- [MATERIAL PROVIDED]
-- Opening Marker --
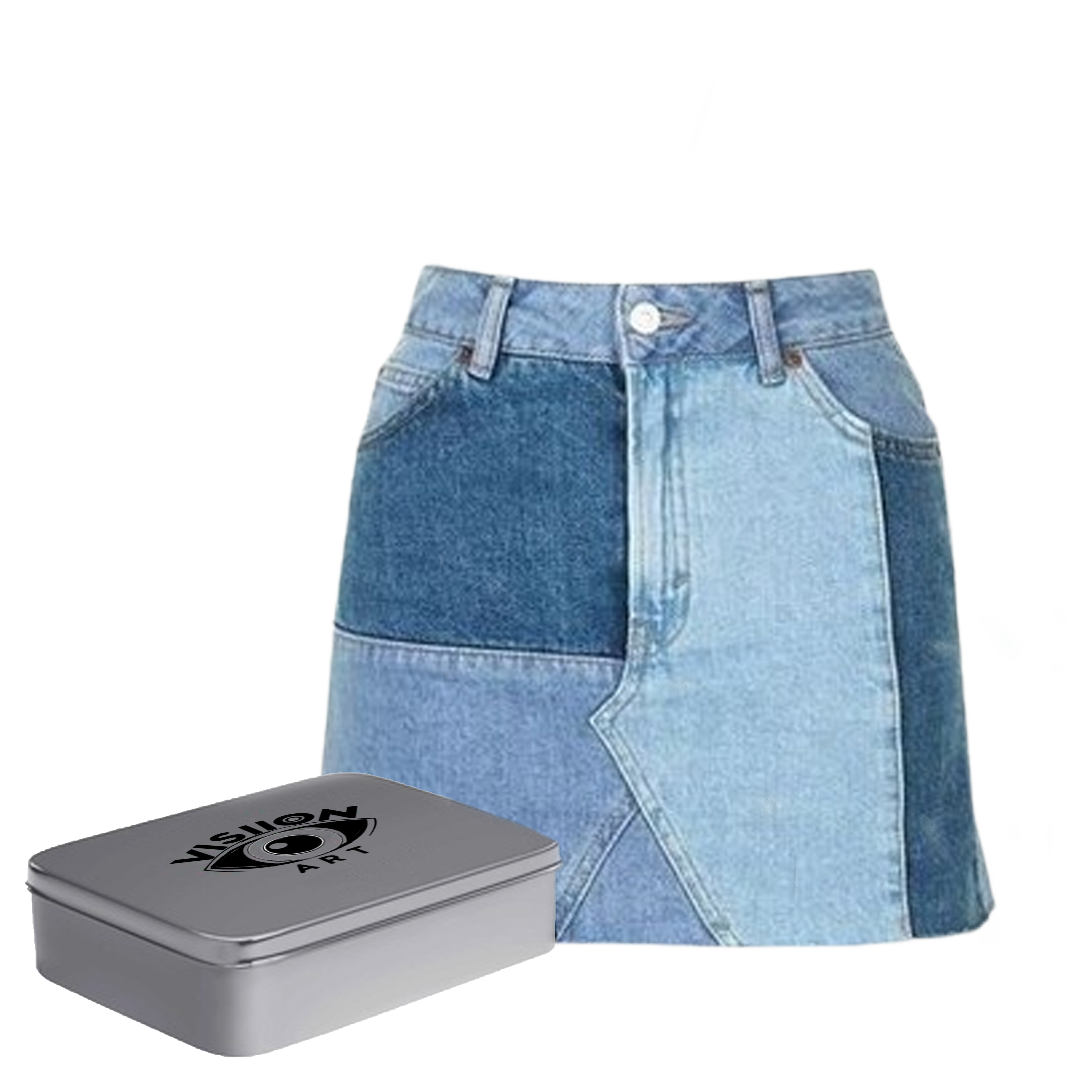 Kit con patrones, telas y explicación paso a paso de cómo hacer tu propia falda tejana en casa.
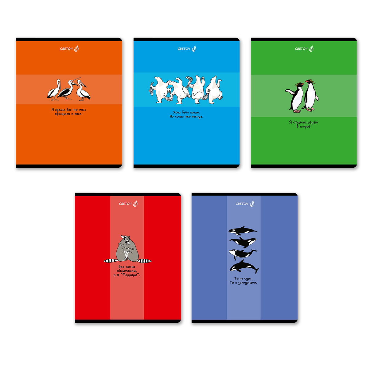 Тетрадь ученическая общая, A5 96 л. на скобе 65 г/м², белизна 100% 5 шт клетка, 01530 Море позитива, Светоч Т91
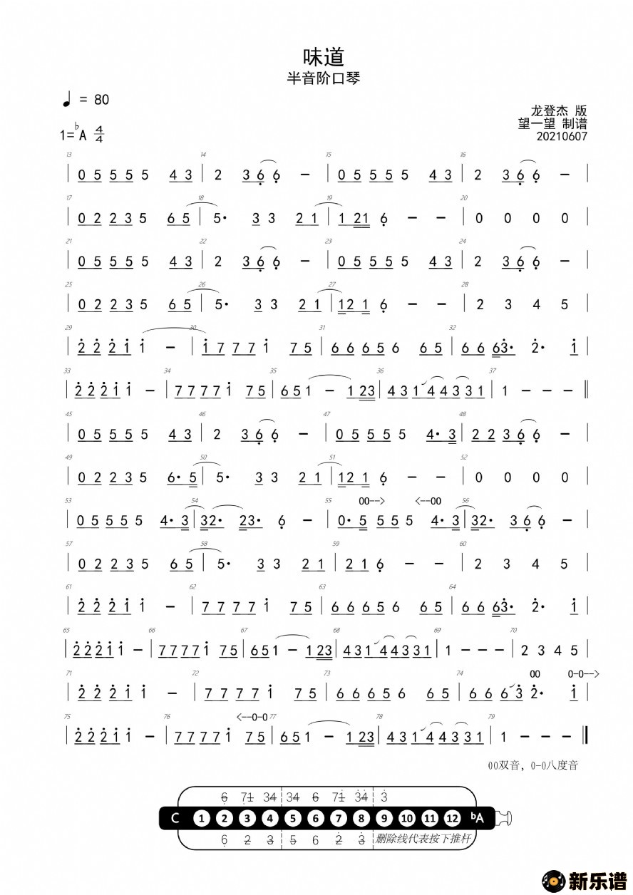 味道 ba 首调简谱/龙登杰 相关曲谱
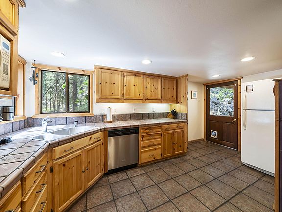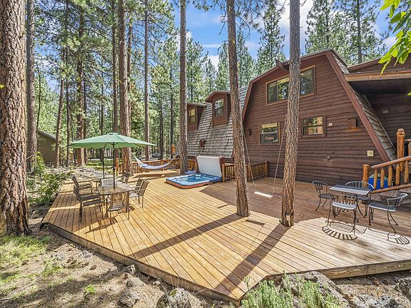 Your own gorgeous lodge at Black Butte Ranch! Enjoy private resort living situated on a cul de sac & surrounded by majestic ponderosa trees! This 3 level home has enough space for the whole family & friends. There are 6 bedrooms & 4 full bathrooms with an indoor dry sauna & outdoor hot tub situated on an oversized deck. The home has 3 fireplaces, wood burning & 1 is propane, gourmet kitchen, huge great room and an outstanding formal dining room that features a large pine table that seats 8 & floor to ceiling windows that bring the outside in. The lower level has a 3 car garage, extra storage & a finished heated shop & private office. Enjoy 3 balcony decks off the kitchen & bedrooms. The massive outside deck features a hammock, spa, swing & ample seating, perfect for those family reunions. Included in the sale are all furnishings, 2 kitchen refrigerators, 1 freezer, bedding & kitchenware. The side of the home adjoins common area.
-- Closing Marker --
- [TASK TO CARRY OUT] Only the lines starting at the one with "Тетрадь ученическая общая, A5" and ending at the one with "味道 ba 首调简谱/龙登杰 相关曲谱" should be printed, each exactly as it appears in the material above; the pictures are to be omitted.

- [RESPONSE]
 Тетрадь ученическая общая, A5 96 л. на скобе 65 г/м², белизна 100% 5 шт клетка, 01530 Море позитива, Светоч Т91
 味道 ba 首调简谱/龙登杰 相关曲谱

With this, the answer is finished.